[Available data]:
>>>

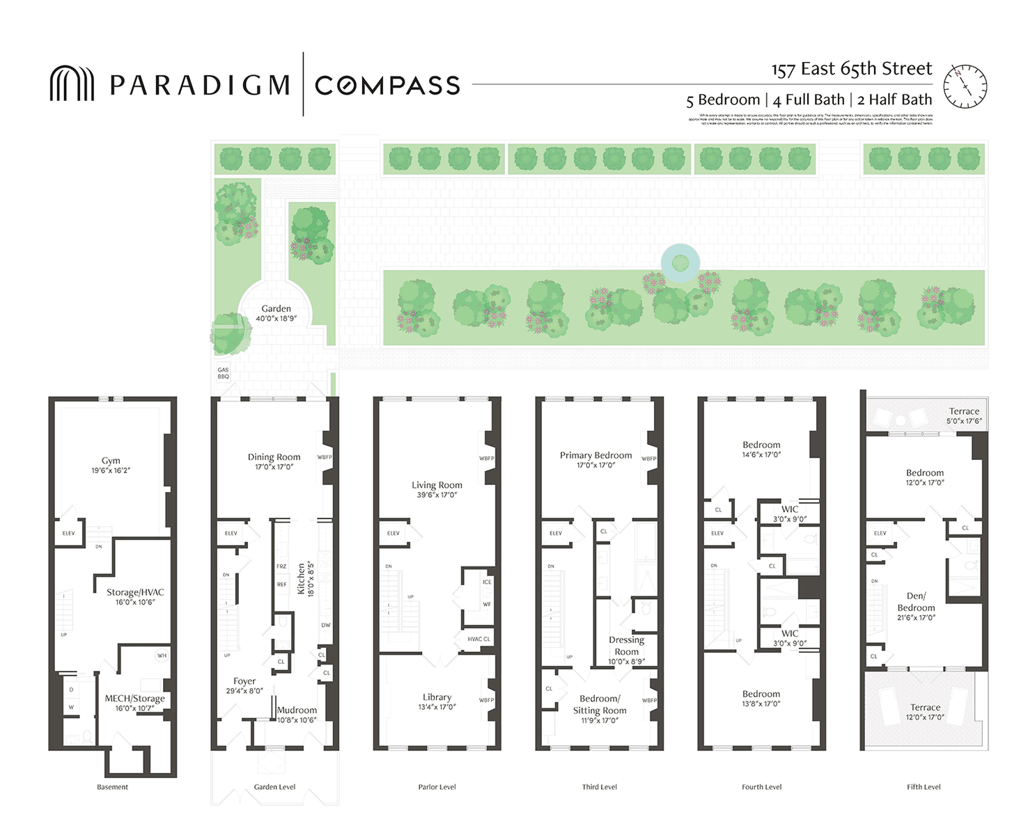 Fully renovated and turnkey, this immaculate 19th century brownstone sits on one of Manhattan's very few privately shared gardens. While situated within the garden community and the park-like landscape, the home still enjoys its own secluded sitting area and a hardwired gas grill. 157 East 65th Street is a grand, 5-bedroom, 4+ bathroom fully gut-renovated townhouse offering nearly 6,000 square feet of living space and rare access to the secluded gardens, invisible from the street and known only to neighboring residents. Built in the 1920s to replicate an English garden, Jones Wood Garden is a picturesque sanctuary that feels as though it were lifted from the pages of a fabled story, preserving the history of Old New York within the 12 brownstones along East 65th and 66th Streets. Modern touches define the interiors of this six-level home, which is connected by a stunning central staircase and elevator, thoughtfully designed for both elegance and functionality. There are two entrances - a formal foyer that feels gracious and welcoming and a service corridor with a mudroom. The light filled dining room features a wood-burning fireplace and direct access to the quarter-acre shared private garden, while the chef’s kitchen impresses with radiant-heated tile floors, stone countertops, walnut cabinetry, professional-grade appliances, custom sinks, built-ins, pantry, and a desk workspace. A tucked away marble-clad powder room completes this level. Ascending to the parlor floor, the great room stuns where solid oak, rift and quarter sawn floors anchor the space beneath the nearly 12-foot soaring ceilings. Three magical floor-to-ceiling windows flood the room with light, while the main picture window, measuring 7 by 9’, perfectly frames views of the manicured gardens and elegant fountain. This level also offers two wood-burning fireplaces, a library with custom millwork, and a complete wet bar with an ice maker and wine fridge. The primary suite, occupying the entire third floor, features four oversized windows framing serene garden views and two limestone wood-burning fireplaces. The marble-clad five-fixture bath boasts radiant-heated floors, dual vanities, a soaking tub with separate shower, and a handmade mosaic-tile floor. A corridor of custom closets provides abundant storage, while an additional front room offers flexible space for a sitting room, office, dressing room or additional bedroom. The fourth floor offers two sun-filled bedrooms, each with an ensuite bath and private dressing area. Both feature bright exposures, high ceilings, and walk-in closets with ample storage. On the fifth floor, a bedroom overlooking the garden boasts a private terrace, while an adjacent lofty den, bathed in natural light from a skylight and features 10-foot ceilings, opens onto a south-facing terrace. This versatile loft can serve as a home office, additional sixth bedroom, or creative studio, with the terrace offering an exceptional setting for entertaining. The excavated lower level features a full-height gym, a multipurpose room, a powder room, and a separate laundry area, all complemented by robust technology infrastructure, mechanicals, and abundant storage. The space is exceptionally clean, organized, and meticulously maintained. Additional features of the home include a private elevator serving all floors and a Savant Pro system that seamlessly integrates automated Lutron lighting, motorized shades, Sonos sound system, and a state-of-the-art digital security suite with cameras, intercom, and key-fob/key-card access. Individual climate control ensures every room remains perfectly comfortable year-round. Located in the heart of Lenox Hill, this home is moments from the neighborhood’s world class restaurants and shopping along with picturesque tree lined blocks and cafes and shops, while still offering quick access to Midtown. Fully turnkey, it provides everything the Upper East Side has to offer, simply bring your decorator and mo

<<<
>>>

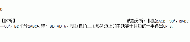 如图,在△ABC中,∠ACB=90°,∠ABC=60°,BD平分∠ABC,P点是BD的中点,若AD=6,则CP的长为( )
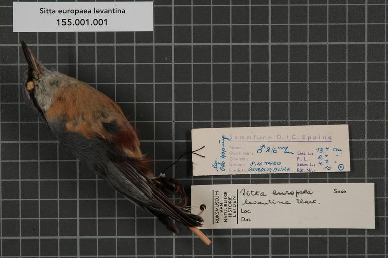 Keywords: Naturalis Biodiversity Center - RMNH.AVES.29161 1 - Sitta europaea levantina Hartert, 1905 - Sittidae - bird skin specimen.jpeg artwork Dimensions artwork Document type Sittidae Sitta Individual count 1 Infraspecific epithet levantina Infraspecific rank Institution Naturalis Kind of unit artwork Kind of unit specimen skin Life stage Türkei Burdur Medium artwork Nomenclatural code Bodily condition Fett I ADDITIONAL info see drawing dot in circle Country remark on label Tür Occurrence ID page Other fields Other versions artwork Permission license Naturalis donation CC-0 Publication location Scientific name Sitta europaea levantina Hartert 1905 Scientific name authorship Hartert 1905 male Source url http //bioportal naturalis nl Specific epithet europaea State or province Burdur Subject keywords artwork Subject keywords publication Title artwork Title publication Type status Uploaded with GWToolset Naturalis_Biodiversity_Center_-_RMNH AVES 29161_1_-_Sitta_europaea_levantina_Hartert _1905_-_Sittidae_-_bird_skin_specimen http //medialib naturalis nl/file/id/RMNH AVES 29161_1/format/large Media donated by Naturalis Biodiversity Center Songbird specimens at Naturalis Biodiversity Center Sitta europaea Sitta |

<<<

[Task to complete]: Print everything from the line with "如图,在△ABC中,∠ACB" down to the line with "Keywords: Naturalis Biodiversity" in the entries above, both lines included and nothing more, without the pictures.

[Response to the task]:
 如图,在△ABC中,∠ACB=90°,∠ABC=60°,BD平分∠ABC,P点是BD的中点,若AD=6,则CP的长为( )
 Keywords: Naturalis Biodiversity Center - RMNH.AVES.29161 1 - Sitta europaea levantina Hartert, 1905 - Sittidae - bird skin specimen.jpeg artwork Dimensions artwork Document type Sittidae Sitta Individual count 1 Infraspecific epithet levantina Infraspecific rank Institution Naturalis Kind of unit artwork Kind of unit specimen skin Life stage Türkei Burdur Medium artwork Nomenclatural code Bodily condition Fett I ADDITIONAL info see drawing dot in circle Country remark on label Tür Occurrence ID page Other fields Other versions artwork Permission license Naturalis donation CC-0 Publication location Scientific name Sitta europaea levantina Hartert 1905 Scientific name authorship Hartert 1905 male Source url http //bioportal naturalis nl Specific epithet europaea State or province Burdur Subject keywords artwork Subject keywords publication Title artwork Title publication Type status Uploaded with GWToolset Naturalis_Biodiversity_Center_-_RMNH AVES 29161_1_-_Sitta_europaea_levantina_Hartert _1905_-_Sittidae_-_bird_skin_specimen http //medialib naturalis nl/file/id/RMNH AVES 29161_1/format/large Media donated by Naturalis Biodiversity Center Songbird specimens at Naturalis Biodiversity Center Sitta europaea Sitta |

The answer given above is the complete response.